# Hypothesis tests with pyhf

This notebook will provide you with the tools to do sensitivity estimates which can be used for search region optimization or sensitivity projections.

## p-value for discovery of a new signal

In searches for new physics we want to know how significant a potential deviation from our Standard Model (SM) expectation is. We do this by a hypothesis test where we try to exclude the SM ("background only") hypothesis. We use a so called **p-value** $p_0$ for this, abstractly defined by:

$$p_0 = \int\limits_{t_\mathrm{obs}}^{\infty}p(t|H_0)\mathrm{d}t$$

where $t$ is a test statistic (a number we calculate from our data observations) and $p(t|H_0)$ is the probability distribution for $t$ under the assumption of our **null Hypothesis** $H_0$, in this case the background only hypothesis. This p-value is then typically converted into a number of standard deviations $z$, the **significance** ("number of sigmas") via the inverse of the cumulative standard normal distribution $\Phi$:

$$z = \Phi^{-1}(1 - p)$$

The typical convention for particle physics is to speak of *evidence* when $z>3$ and of an *observation* when $z>5$.

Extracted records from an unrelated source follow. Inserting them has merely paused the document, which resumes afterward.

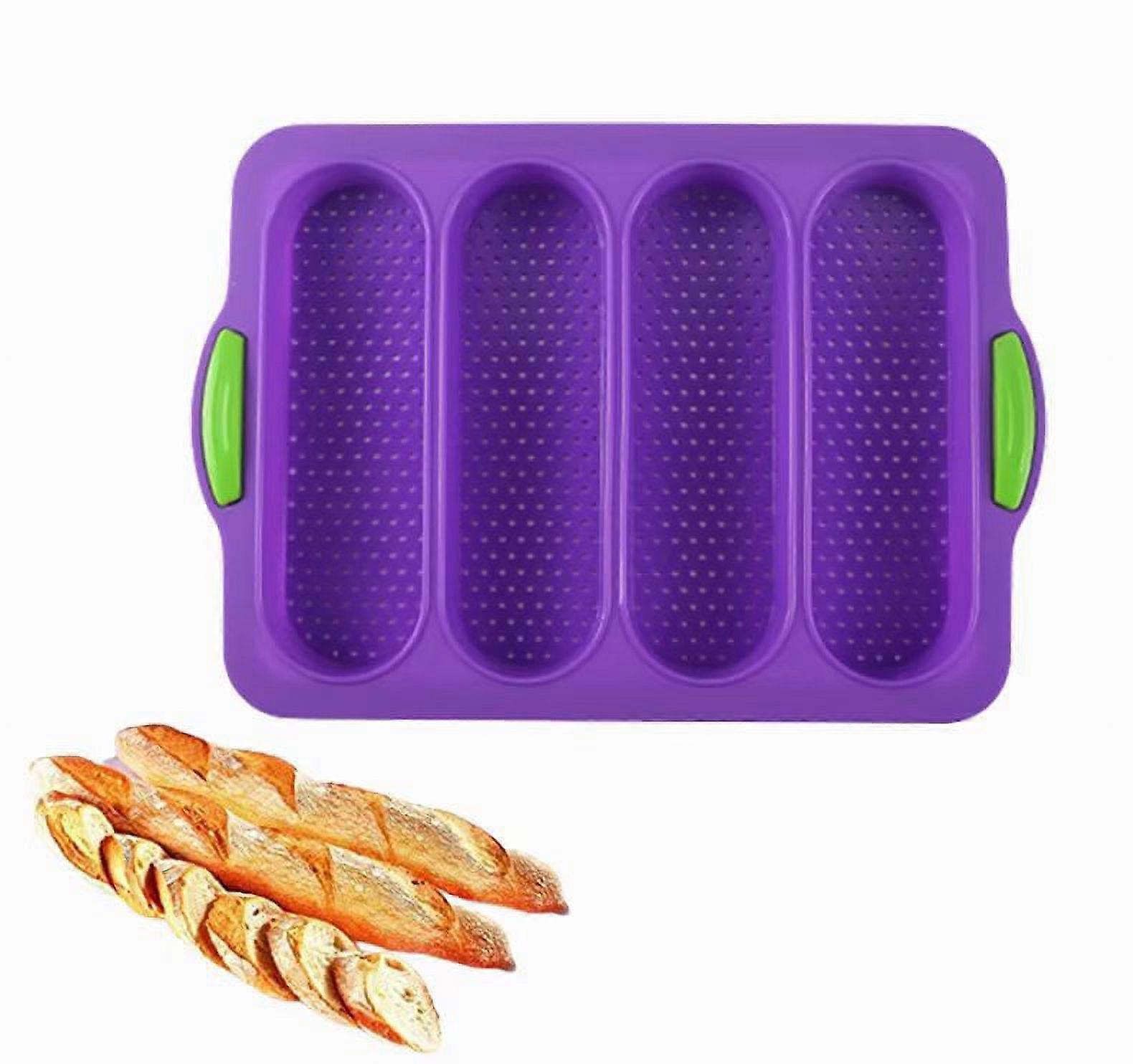 Mini Loaf Pan, Non-Stick Silicone Mold for Baking Bread French Bread Baking Pan, 4 Wave Loaves Breathable Bread Pans for Baking(Purple)
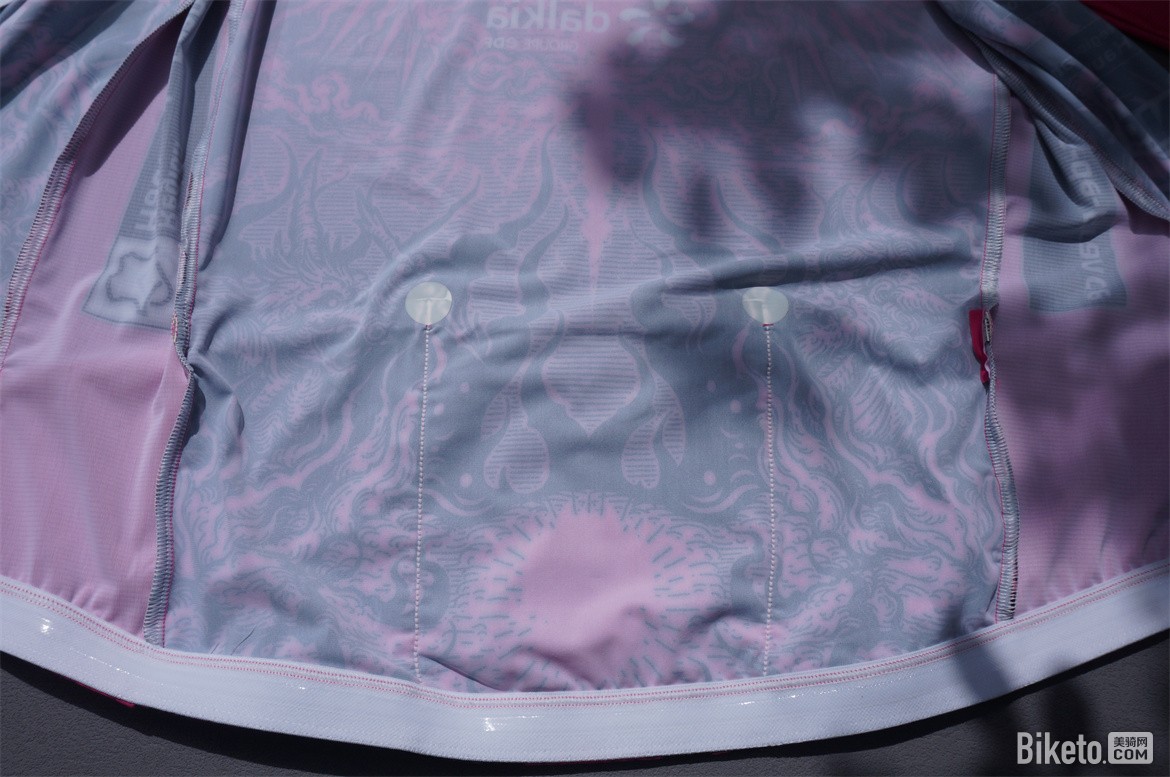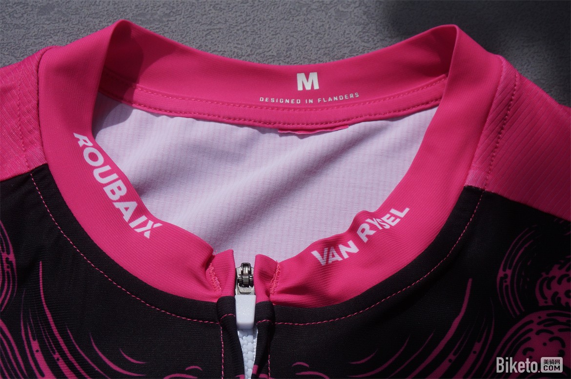 领口是现在很流行的小立领设计,前端稍高些,后侧为了适应骑行的抬头姿势做的稍低。领口处的洗标采用了和骑行服相同的一小块面料单独缝制方便用户剪掉,残留的部分也不会对皮肤产生刺激,尺码标签使用了无感印刷的方式。
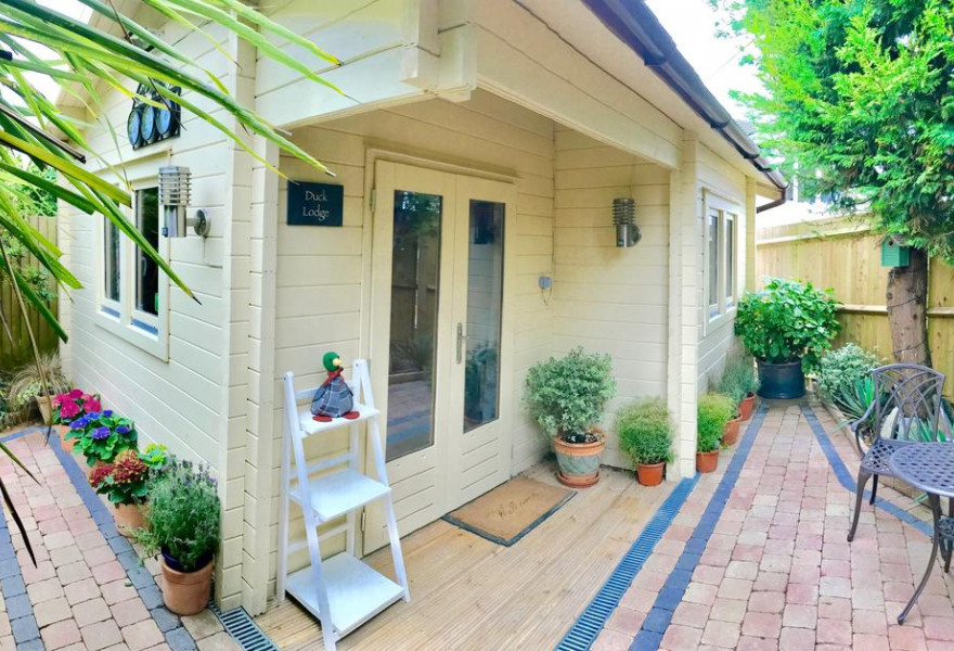 Charming, luxury log-cabin style accommodation that sleeps 4 guests. The bedroom is pretty and comfortable with fresh white linens. A hot tub is available for use. Provisions are provided for a Continental Breakfast. Great location in the South Downs National Park.
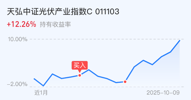 $天弘中证光伏产业指数C(OTCFUND|011103)$今天不动。
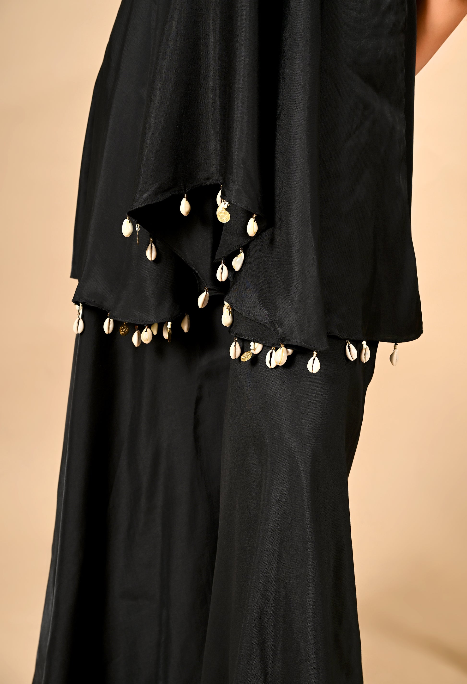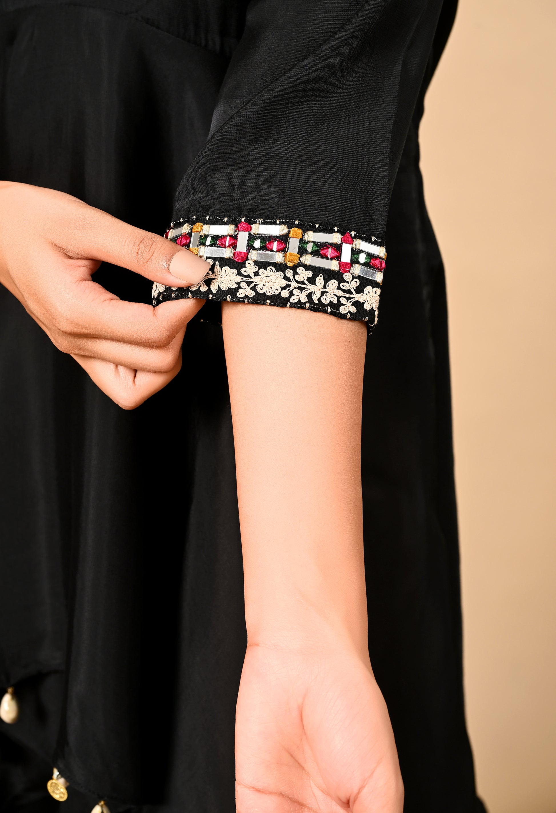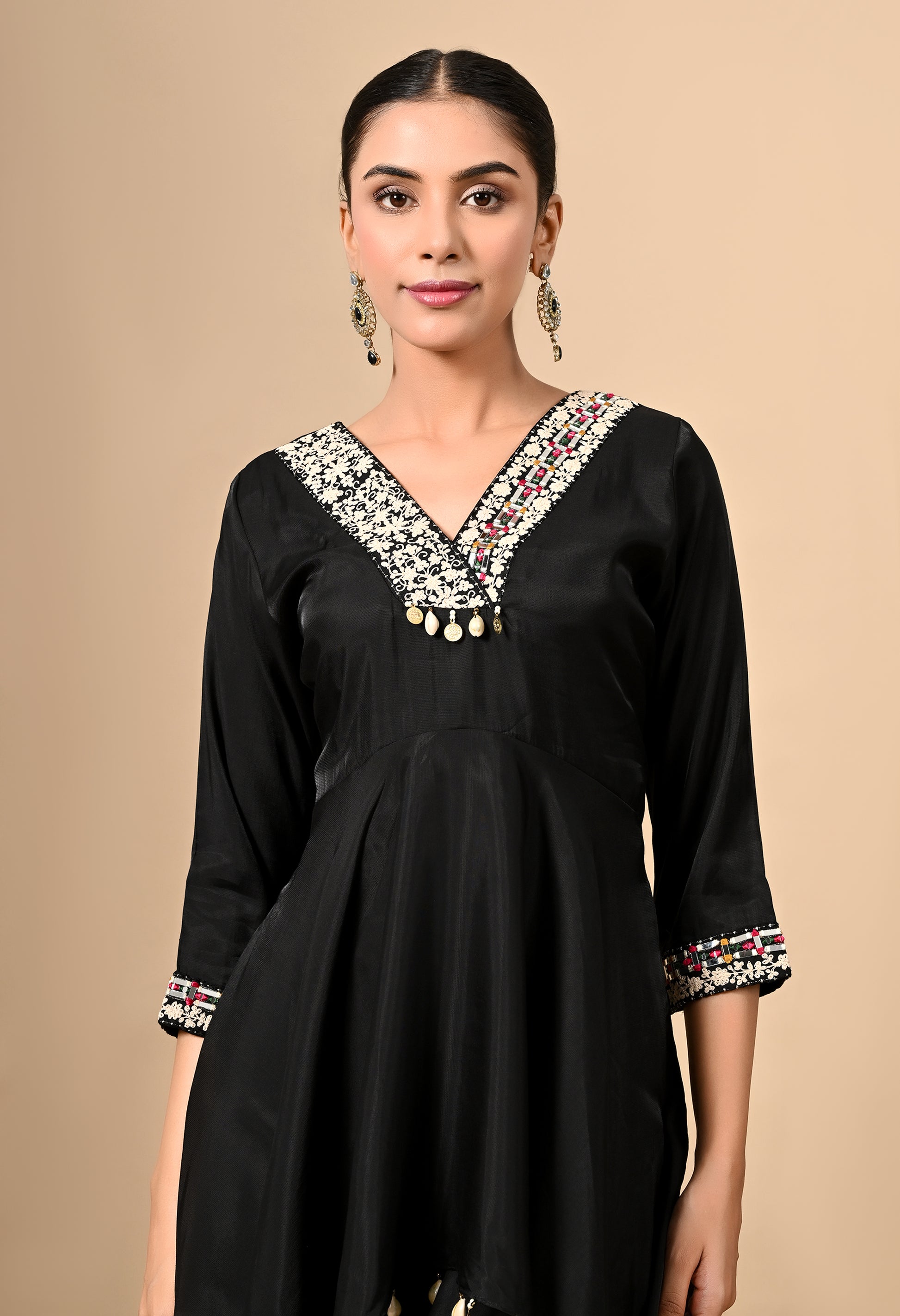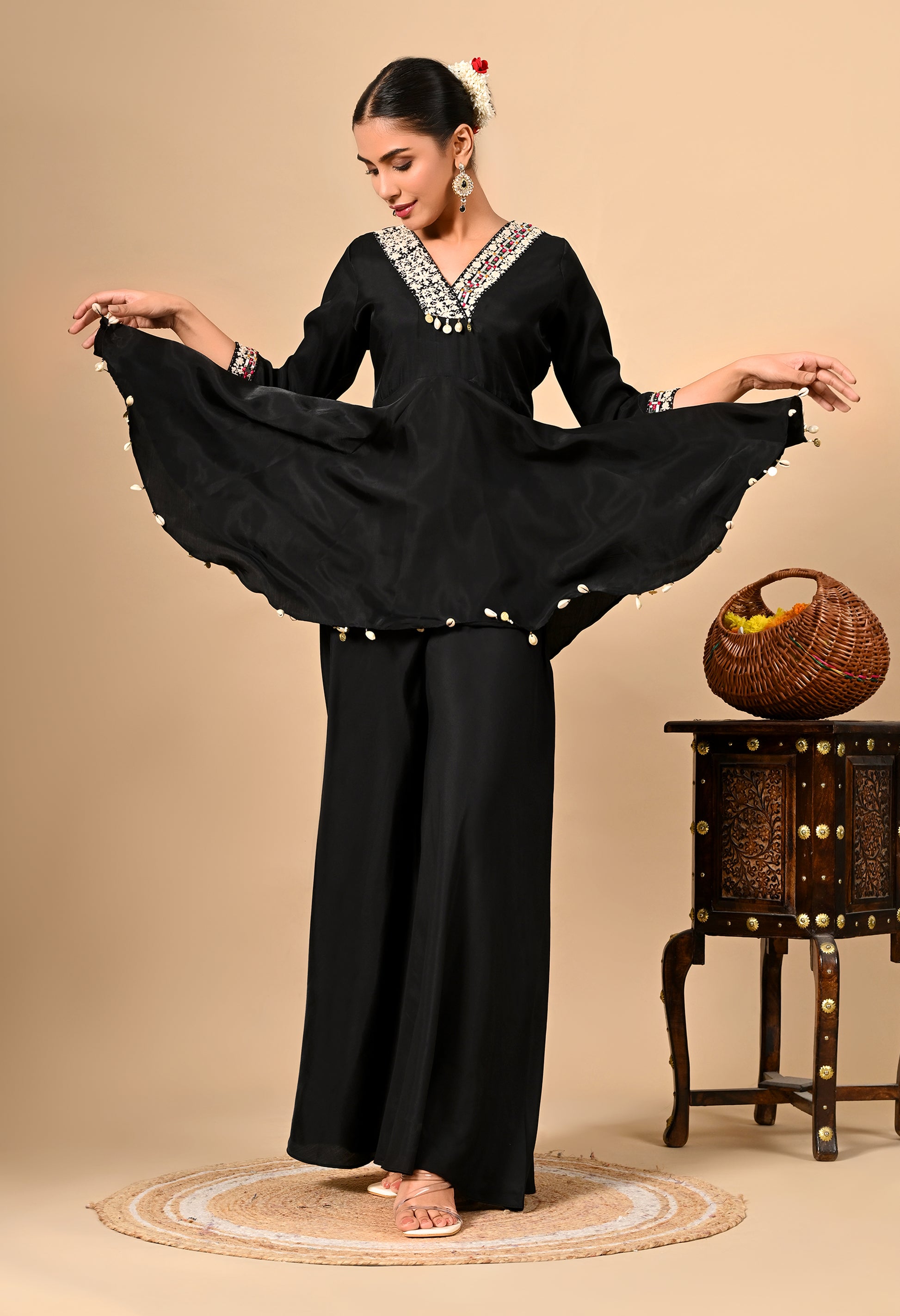 Stylish Black Co-Ord Set with Thread Work on Umbrella Flared Top & Bottom
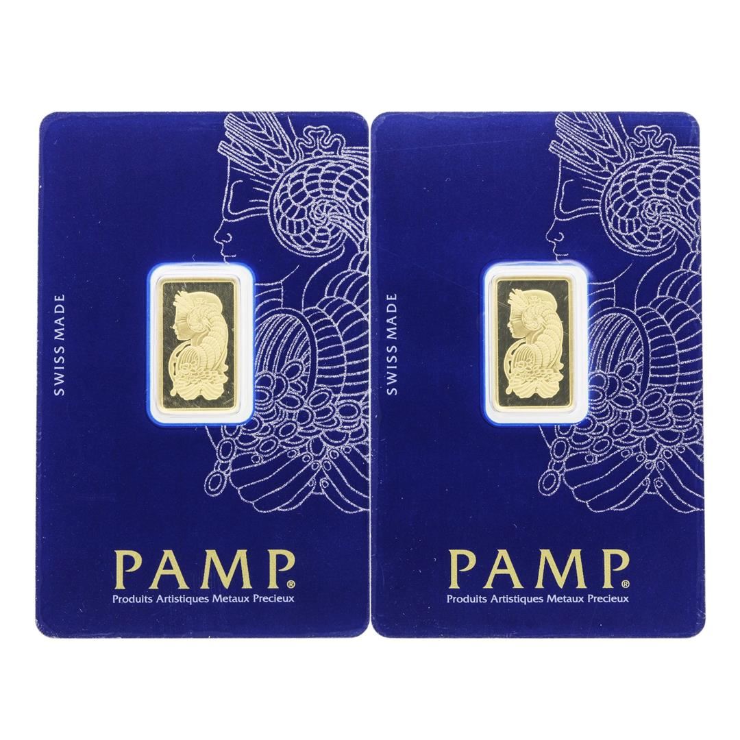 One Lot of (2) 5 gram .9999 PAMP Suisse Fine Gold Ingot Bars.
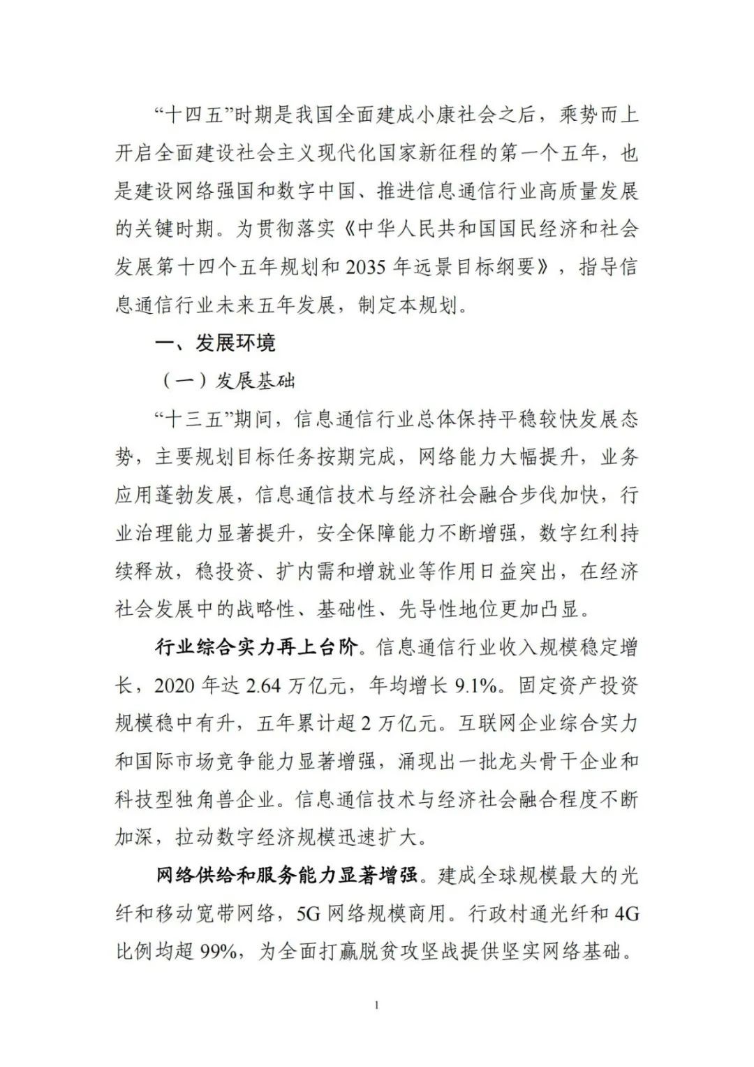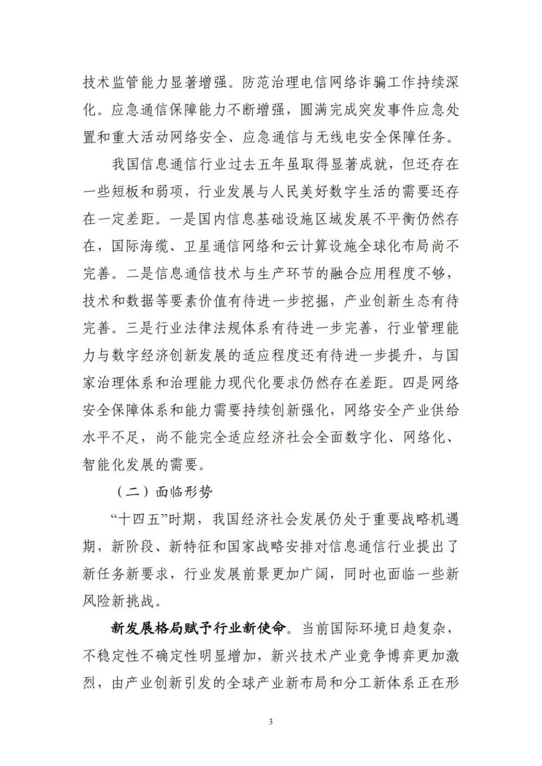 工業(yè)和信息化部關(guān)于印發(fā)“十四五”信息通信行業(yè)發(fā)展規(guī)劃的通知
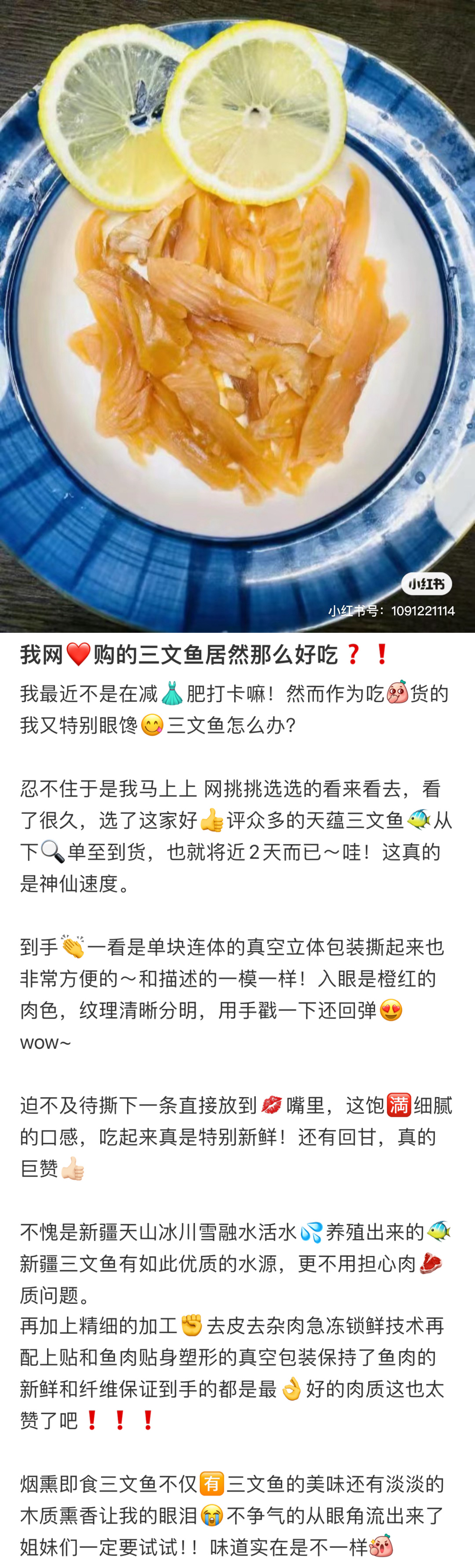 我其实主要是自己想吃,烟熏三文鱼片和带皮三文鱼段,都是可以加入减脂餐的小食材。烟熏三文鱼片可以直接吃,是精选的中段部位,采用食品级苹果原木料辅以红酒,低温12小时熏烤,烟香入肉,醇香浓郁,搭配上小酒超美味,也可以加入各种蔬果制成沙拉,或是夹面包当快手早餐,都很方便!带皮的三文鱼段,可以根据自己的喜好薄切厚切,挤上柠檬汁、点一点芥末酱油,或者用凉拌酱汁拌拌!不能接受生吃可以直接下锅煎,撒上蒜盐,也是鲜美!我是有做比较特别的,两个蛋加水打散,和鱼一起蒸,出锅后加上调料,非常非常好吃,鱼肉鲜嫩,蛋液润滑,口感又不会油腻,而且营养很好,减脂人学起来,牙不好老人小孩也很适合!

So what do we use for $t$? We want to use something that discriminates well between our null Hypothesis and an **alternative Hypothesis** that we have in mind. When we try to discover new physics, our null Hypothesis is the absence and the alternative Hypothesis the presence of a signal. We can parametrize this by a **signal strength** parameter $\mu$. The test statistics used in almost all LHC searches use the **profile likelihood ratio**

$$\Lambda_\mu = \frac{L(\mu, \hat{\hat{\theta}})}{L(\hat{\mu}, \hat{\theta})}$$

where $\theta$ are the other parameters of our model that are not part of the test, the so called **nuisance parameters**. In contrast, the parameter that we want to test, $\mu$, is called our **parameter of interest** (POI). The nuisance parameters include all fit parameters, like normalization factors and parameters for describing uncertainties. $L(\mu, \hat{\hat{\theta}})$ is the Likelihood function, maximized under the condition that our parameter of interest takes the value $\mu$ and $L(\hat{\mu}, \hat{\theta})$ is the unconditionally maximized Likelihood. So roughly speaking, we are calculating the fraction of the maximum possible likelihood that we can get under our test condition. If it is high, that speaks for our hypothesis, if it is low, against. The test statistic $t_\mu$ is then defined as

$$t_\mu = -2\ln\Lambda_\mu$$

giving us a test statistic where **high values speak against the null hypothesis**.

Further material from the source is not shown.